Mysql database, how to deal with duplicate data?

Time:2021-1-27

preface

In fact, there are two ways to solve the problem of whether duplicate data can be inserted, just like water control, the first is from the source, and the second is on the way of water flow. We continue to look down with these two ideas:

problem

In our MySQL database, there are often some duplicate data. In some cases, we allow the existence of duplicate data, but sometimes we also need to delete these duplicate data. How do we deal with it?

Method 1: prevent duplicate data

That is to say, when we redesign the table, we should set a unique index for these data, so that its uniqueness can be guaranteed when inserting, and there will be no duplicate data. Of course, you can also set it to primary key directly. The effect is the same.
Let’s look at a case: there is no index or primary key in the following table, so multiple duplicate records are allowed in this table.

CREATE TABLE student
(
    first_name CHAR(20),
    last_name CHAR(20),
    sex CHAR(10)
);

Now first_ name,last_ Name can be repeated. If you don’t want to repeat it, there are two solutions:

1. Set double primary key mode

CREATE TABLE student
(
   first_name CHAR(20) NOT NULL,
   last_name CHAR(20) NOT NULL,
   sex CHAR(10),
   PRIMARY KEY (last_name, first_name)
);

You can’t insert duplicate data now.

2. Add unique index

CREATE TABLE student
(
   first_name CHAR(20) NOT NULL,
   last_name CHAR(20) NOT NULL,
   sex CHAR(10)
   UNIQUE (last_name, first_name)
);

These two forms seem to have a little difference, but they can play the same role. At this time, we can insert two duplicate data and find the error.
Of course, we can also verify it in the database:

SELECT COUNT(*) as repetitions, last_name, first_name
       FROM student
       GROUP BY last_name, first_name
       HAVING repetitions > 1;

Here we are counting first_ Name and last_ The number of duplicate records of name has been set in two ways. Here it must be 0.

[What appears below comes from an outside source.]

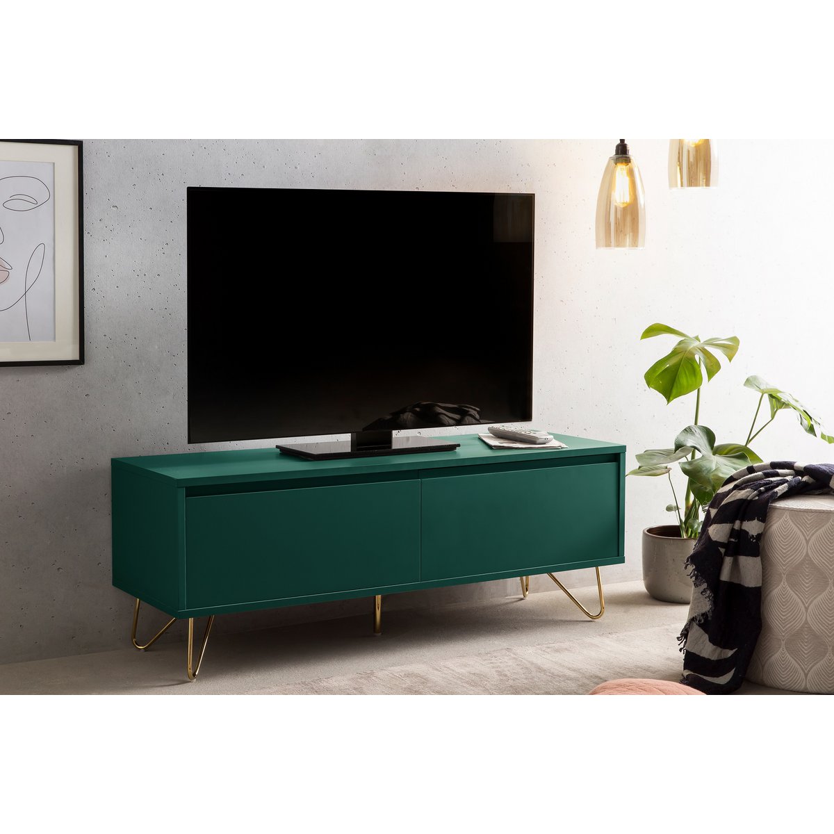 Dit dressoir in Scandinavisch design is een echte eyecatcher in je woonruimte. De combinatie van eenvoudige kleuren en gouden metalen poten maken dit tv-meubel tot iets heel bijzonders. Dankzij de uittrekbare lade en het opvouwbare vak krijg je veel stijlvolle opbergruimte voor alledaagse spullen. Indien nodig kan de plank in het opbergvak worden verwijderd. Het moderne Scandinavische design van dit dressoir is morgen nog steeds eigentijds en prachtig te combineren met je bestaande interieur. Afmetingen opbergruimte links (lade): ca. B57,8 x D33,8 x H23,3 cm, afmetingen opbergruimte rechts (vouwdeur): ca. B57,8 x D36,1 x H26 cm uitneembare plank, uittrekbare lade, frontpaneel met klepdemper, mat gelakt.

Method 2: specify whether duplicate data can be inserted during insertion

Here we use the insert ignore into and insert into instructions.

(1) Insert ignore into will ignore the existing data in the database. If there is no data in the database, new data will be inserted. If there is data, this data will be skipped. In this way, the existing data in the database can be retained to achieve the purpose of inserting data in the gap.

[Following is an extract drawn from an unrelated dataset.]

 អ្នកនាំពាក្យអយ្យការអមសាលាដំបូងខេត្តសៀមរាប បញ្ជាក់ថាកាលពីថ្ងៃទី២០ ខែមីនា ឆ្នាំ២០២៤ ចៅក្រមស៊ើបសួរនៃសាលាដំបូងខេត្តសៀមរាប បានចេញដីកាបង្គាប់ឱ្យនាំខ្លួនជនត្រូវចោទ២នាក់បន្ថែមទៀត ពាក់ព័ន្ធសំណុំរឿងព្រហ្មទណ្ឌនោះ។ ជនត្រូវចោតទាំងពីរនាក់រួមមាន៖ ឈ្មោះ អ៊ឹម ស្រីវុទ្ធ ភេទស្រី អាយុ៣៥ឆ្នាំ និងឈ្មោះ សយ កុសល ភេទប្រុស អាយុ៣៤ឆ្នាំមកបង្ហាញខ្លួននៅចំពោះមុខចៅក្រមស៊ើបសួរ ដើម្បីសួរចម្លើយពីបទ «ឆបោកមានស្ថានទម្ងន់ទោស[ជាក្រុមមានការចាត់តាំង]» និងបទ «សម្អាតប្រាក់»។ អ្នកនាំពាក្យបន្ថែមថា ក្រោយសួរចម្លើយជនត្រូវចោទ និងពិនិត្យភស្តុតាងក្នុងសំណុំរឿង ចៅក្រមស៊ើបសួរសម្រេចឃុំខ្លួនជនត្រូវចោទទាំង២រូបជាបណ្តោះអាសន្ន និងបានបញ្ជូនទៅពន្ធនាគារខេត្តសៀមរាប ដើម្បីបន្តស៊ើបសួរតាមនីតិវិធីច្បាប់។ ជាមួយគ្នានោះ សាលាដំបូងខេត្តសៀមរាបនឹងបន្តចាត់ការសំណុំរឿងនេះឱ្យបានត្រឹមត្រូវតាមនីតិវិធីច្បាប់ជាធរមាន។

(2) Insert into, on the contrary, inserts data directly, regardless of whether the database contains duplicate data.

Let’s give an example:

insert ignore into student (last_ name, first_ Name) values ('zhang San ','li Si');
//Results
Query OK, 1 rows affected (0.00 sec)
insert ignore into student (last_ name, first_ Name) values ('zhang San ','li Si');
//Results
Query OK, 0 rows affected (0.00 sec)

Now we can see it. That is to say, when the first insert operation is executed, if the database does not have one, a new record will be inserted directly, so one row of records will be affected. But when the second insert operation is executed, the database already has one, so it will not be inserted, and row 0 will be affected.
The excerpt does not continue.